Give it some time, maybe she is hiding now and will show up later. I always have trouble to find all my shrimps in tank.


----------



## Strick (Apr 6, 2009)

mach_calamity said:


> ...heavily planted...


There you go. Answered your own question.

Berried females can be very shy and can stay spooked for a long time if they're startled. She'll wander into view eventually.


----------



## fishboy87 (Feb 19, 2008)

Strick said:


> There you go. Answered your own question.
> 
> Berried females can be very shy and can stay spooked for a long time if they're startled. She'll wander into view eventually.


What he said ^


----------



## mach_calamity (May 26, 2009)

ok so after 3 days of searching i finally found her. it seems as if she has come out of hiding, but all the eggs under her belly are gone, and i don't see any baby shrimps. any ideas?


----------



## Aquarist_Fist (Jul 22, 2008)

Two options:

1. You don't see baby shrimp because they are keeping their heads down. Cherry babies do this the first couple of days.

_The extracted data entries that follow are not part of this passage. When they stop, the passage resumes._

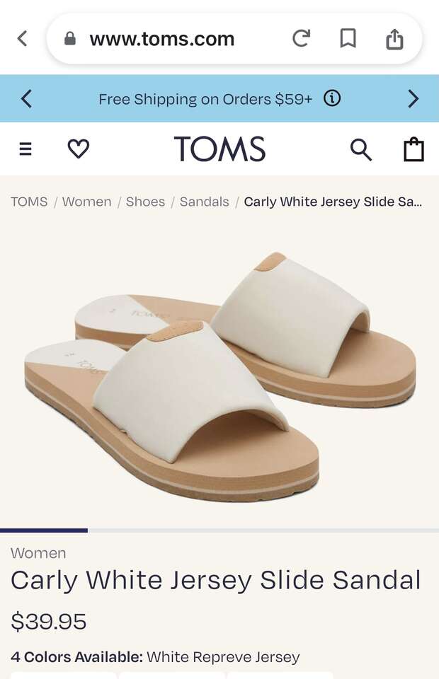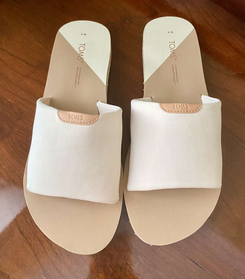 NEW TOMS Carly White Jersey Slide Womens Sandals/Slippers - SZ 9 - Sells On Website 4 $40 - See All Pix. Brand new and the fabric top is so soft!
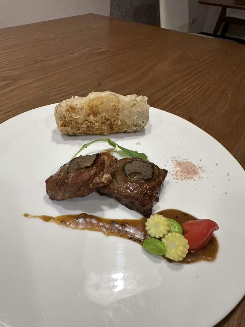 那天晚上的燭光晚餐,簡直是藝術品。每一道菜上桌都像一幅畫,從前菜到主食,食材的選擇和烹調手法都非常講究。我平常不太敢吃太油膩的料理,但三餐四季的主廚竟然能把 Fine Dining 做到如此精緻又兼顧健康,讓我在享受美食的同時,完全沒有負擔。我記得有一道魚料理,魚肉鮮嫩多汁,搭配清爽的醬汁,真的讓人回味無窮。餐點不只美味,份量也很適中,感覺得到滿滿的用心,連這頓燭光晚餐的每一個小細節,都完美到不行。
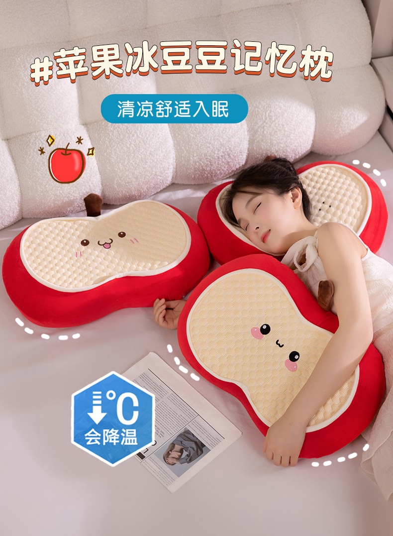 시원한 느낌 여름 사과 고양이 배꼽 얼음 실크 베개 자궁 경부 척추 보호는 소녀들이 편안한 메모리면 베개를 자도록 도와줍니다.스토어 가기
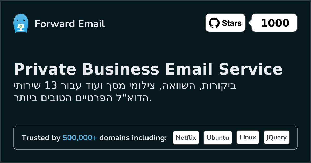 Forward Email⭐ מוּמלָץאימייל לכולם | $3/mo | 10 GB pooled | 50 MB | כֵּן | כֵּן | כֵּן | כֵּן | TTI | כֵּן | כֵּן | כֵּן | כֵּן | ⚠️ Opt-in | כֵּן | כֵּן |
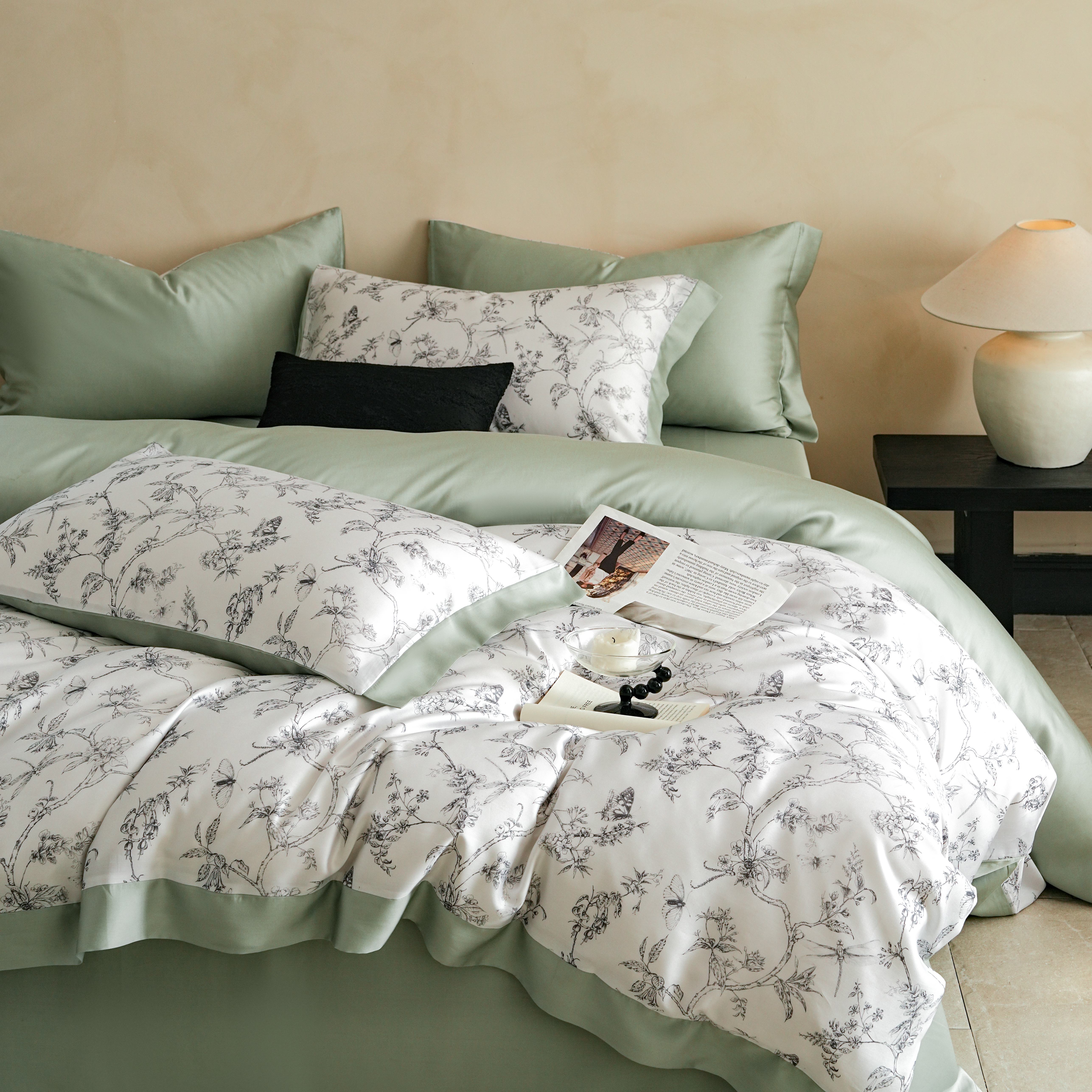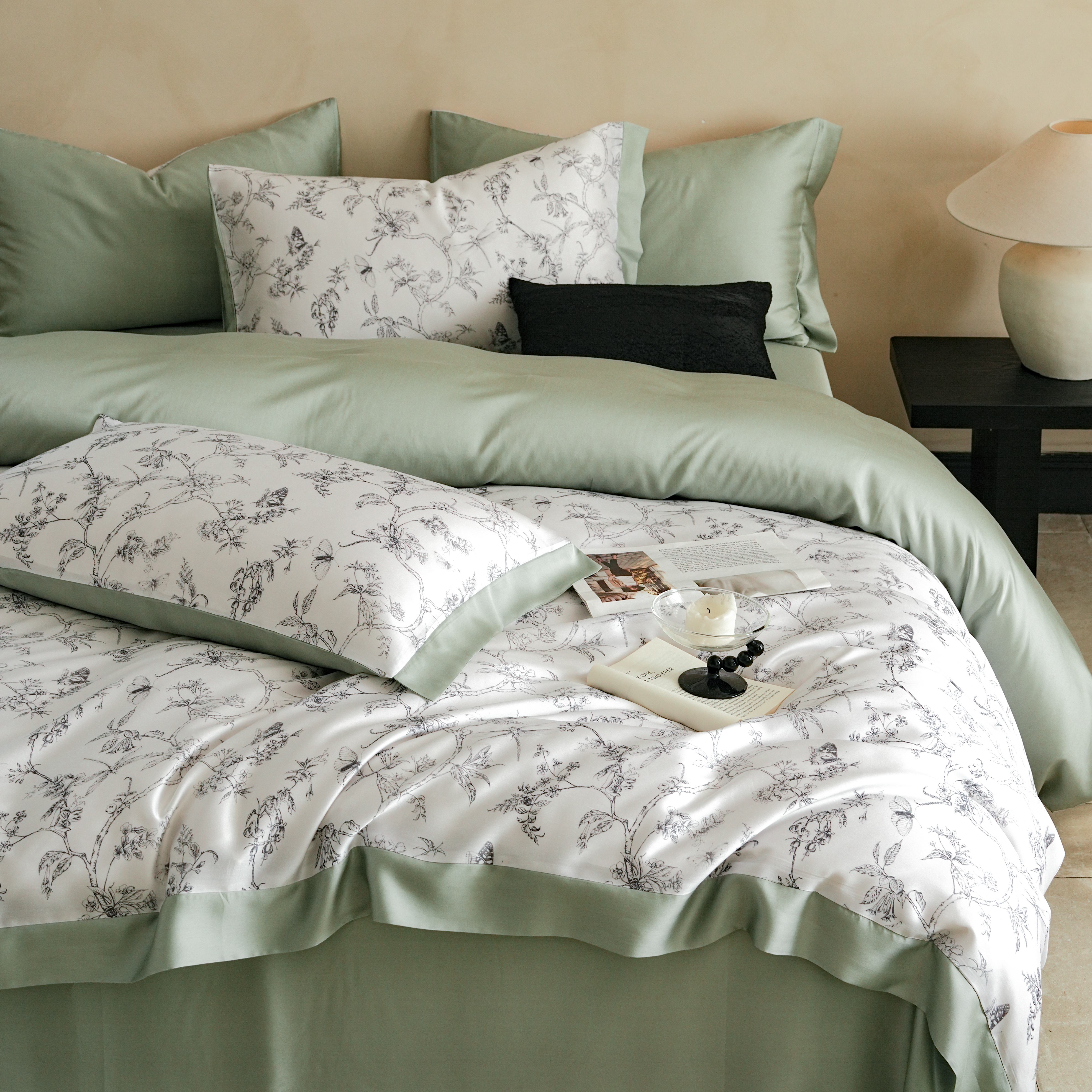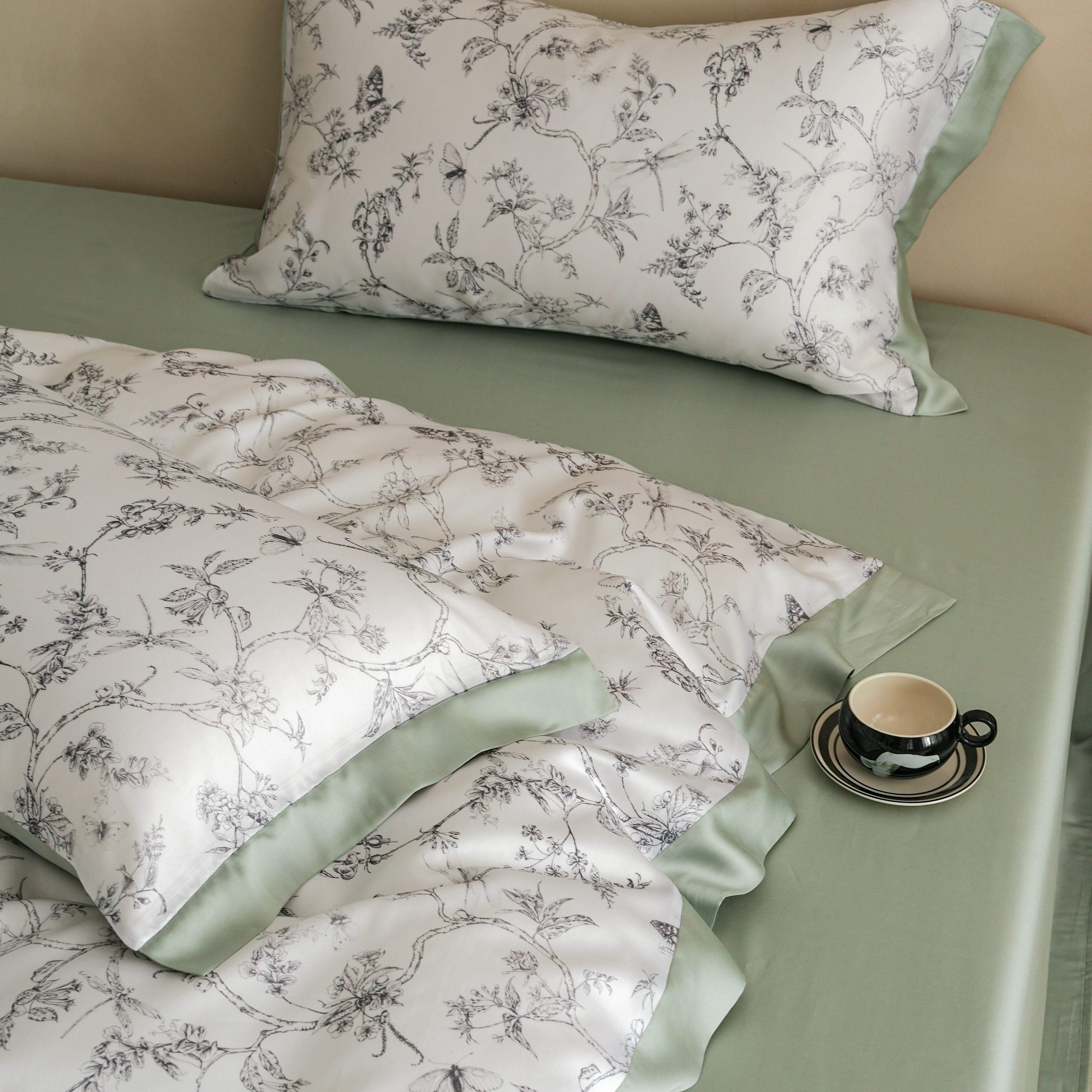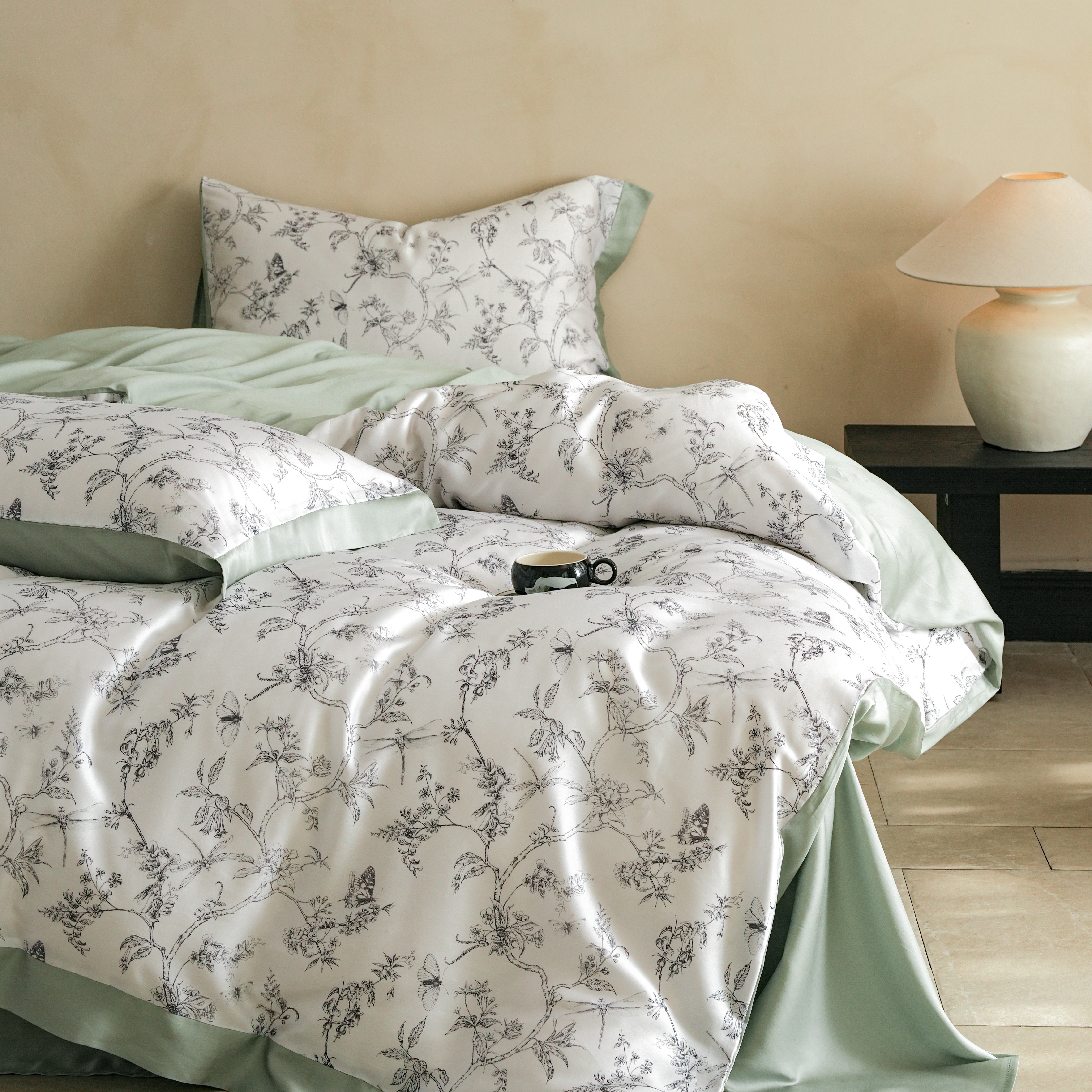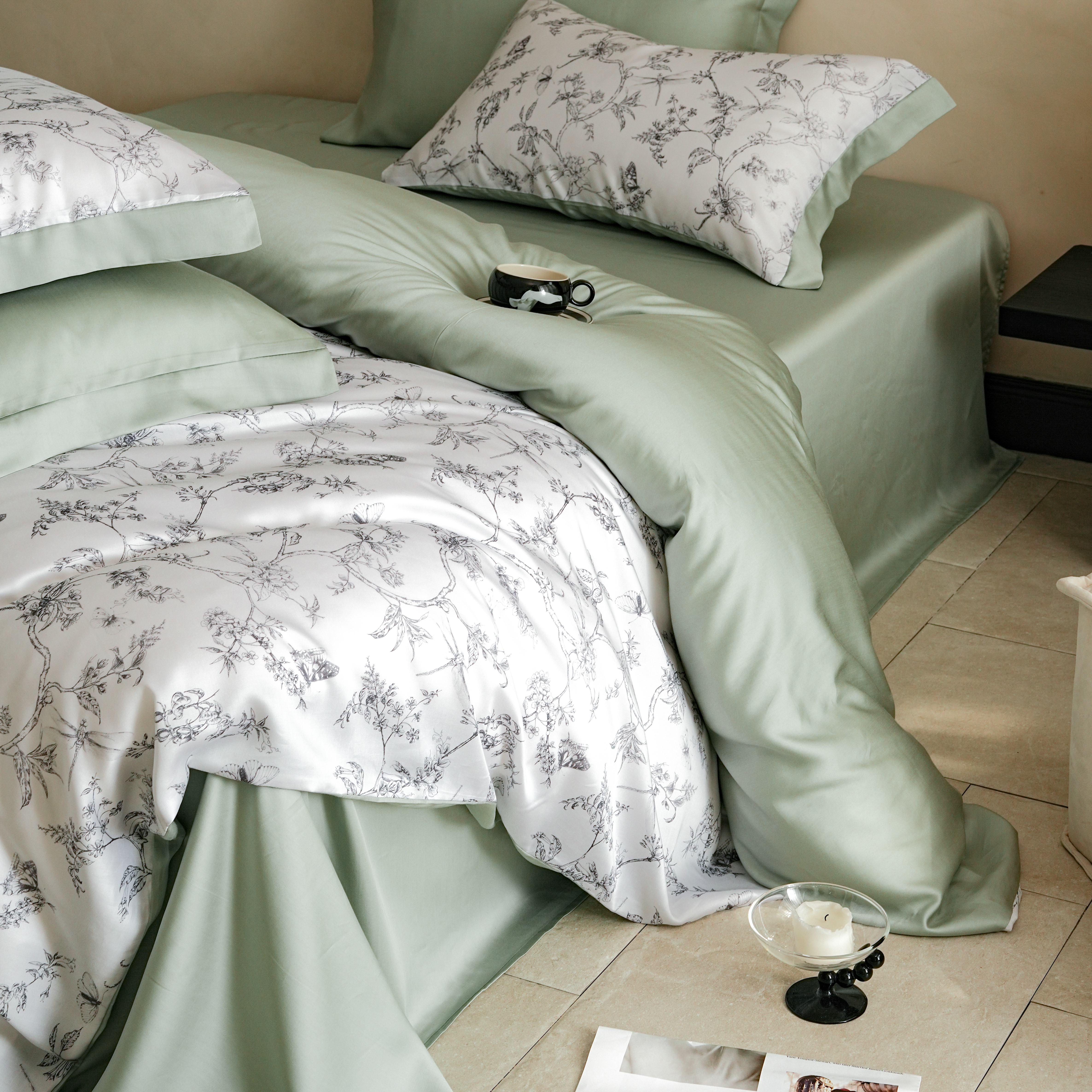 本制 2025新款水洗真丝印花四件套 浅绿卉影

2. The mother dropped her eggs. This happens occasionally, and there is not much you can do except providing for ideal conditions.

1 is much more likely. If an adult shrimp manages to hide from you for days, what do you expect from babies?


----------



## Strick (Apr 6, 2009)

So... what happened, mach calamity? Do you have shrimplets?


----------



## mach_calamity (May 26, 2009)

hi, well i found the mother, like i said. it was weird because she is the only black shrimp i have and everyday i would be able to find her with no problem. however for those three days, she was GONE. i looked everywhere in the tank and was 99% sure she was dead. now its back to normal.

I was expecting a lot of babies because i saw a large number of eggs under her belly. maybe like 20! i do see some new shrimplets but not that many. more like 5... although there may be more hiding. 

btw this was her first time being berried, i raised her from a baby. this is probably normal, right?


----------



## Strick (Apr 6, 2009)

It's probably not normal if only 1/4 of her eggs hatched, but I'm more likely to believe that most of them are just staying hidden. My last hatch was a week old before I ever saw more than 1 or 2 at a time (there were 15...)


----------



## bklyndrvr (May 24, 2008)

My crs babies are very good at hiding. I could always seem to find my RCS babies, but when my CRS first gave birth, I thought I lost many of them, but now that they are a little more grown up, I see many of them from that batch.


----------



## kangshiang (Jun 28, 2006)

pregnant shrimp always hiding....you just couldn't find out now, but don't worry....
Only if you are not lucky, otherwise it should be somewhere in your tank.


----------